WORK TASK: Print the lines exactly. Start at the first line of the material below, end with the line that contains "0152128918335 | deco2", and skip all pictures.

GIVEN MATERIAL:
=== Section Start ===
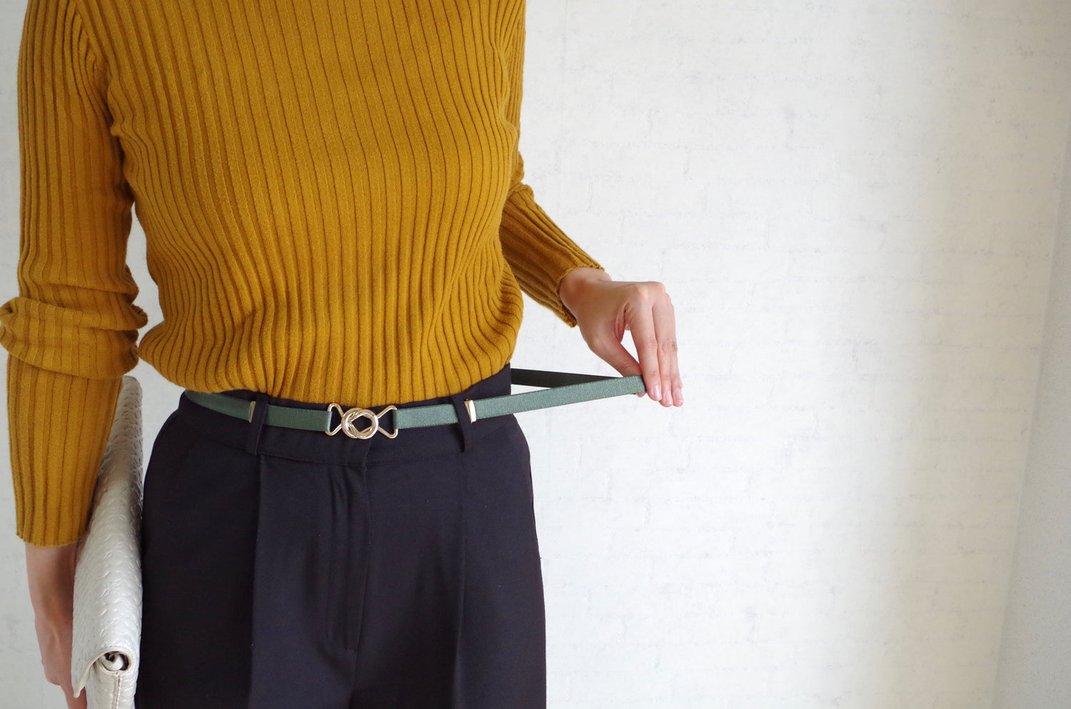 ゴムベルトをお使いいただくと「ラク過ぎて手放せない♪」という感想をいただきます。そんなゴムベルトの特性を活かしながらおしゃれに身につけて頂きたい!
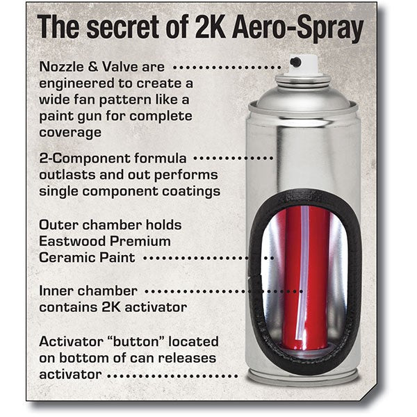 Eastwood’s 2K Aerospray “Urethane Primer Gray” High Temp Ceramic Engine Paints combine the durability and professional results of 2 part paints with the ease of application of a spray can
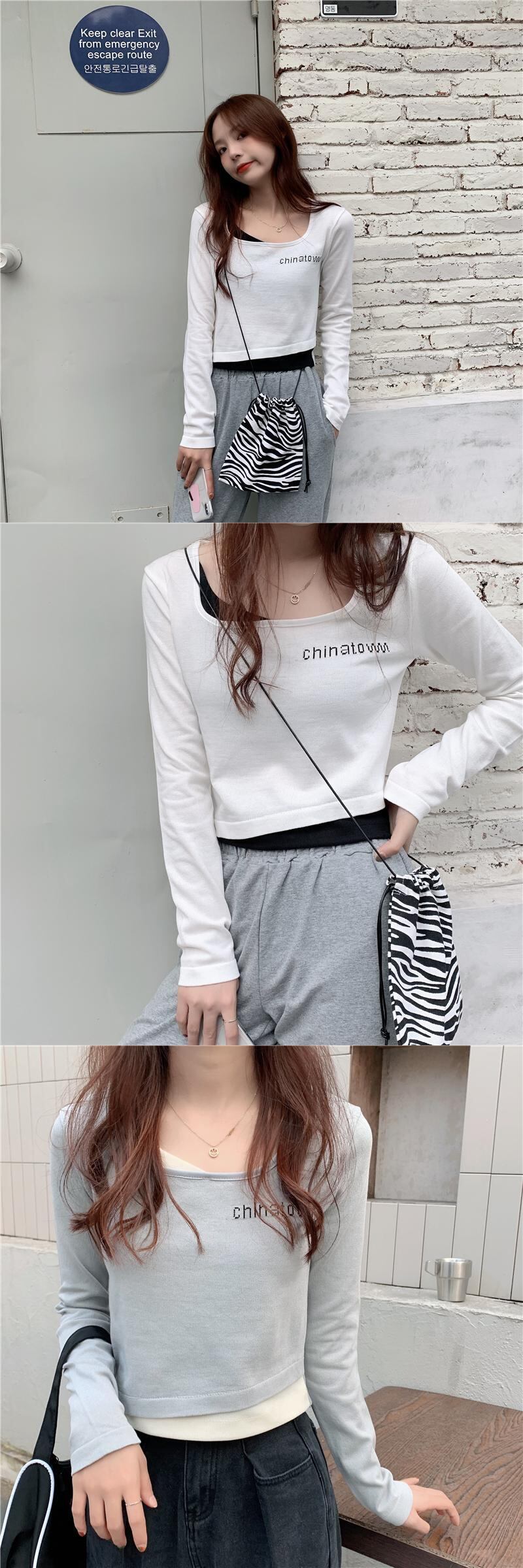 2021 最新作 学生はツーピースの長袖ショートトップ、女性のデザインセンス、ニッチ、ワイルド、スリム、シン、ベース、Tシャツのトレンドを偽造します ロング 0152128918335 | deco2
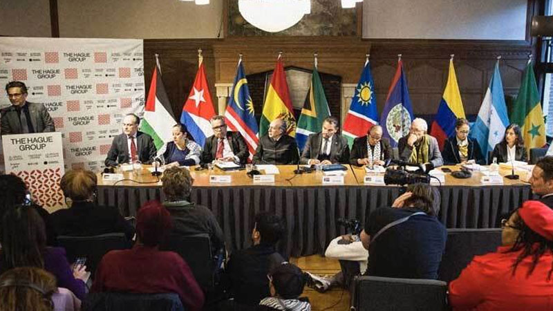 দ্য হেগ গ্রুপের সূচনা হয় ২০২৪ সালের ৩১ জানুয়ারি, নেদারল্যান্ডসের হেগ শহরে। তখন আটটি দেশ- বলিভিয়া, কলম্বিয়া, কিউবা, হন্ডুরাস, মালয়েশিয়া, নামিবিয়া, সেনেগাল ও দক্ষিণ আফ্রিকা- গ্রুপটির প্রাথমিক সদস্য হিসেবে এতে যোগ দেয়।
=== Section End ===
COMPLETED EXERCISE:
 ゴムベルトをお使いいただくと「ラク過ぎて手放せない♪」という感想をいただきます。そんなゴムベルトの特性を活かしながらおしゃれに身につけて頂きたい!
 Eastwood’s 2K Aerospray “Urethane Primer Gray” High Temp Ceramic Engine Paints combine the durability and professional results of 2 part paints with the ease of application of a spray can
 2021 最新作 学生はツーピースの長袖ショートトップ、女性のデザインセンス、ニッチ、ワイルド、スリム、シン、ベース、Tシャツのトレンドを偽造します ロング 0152128918335 | deco2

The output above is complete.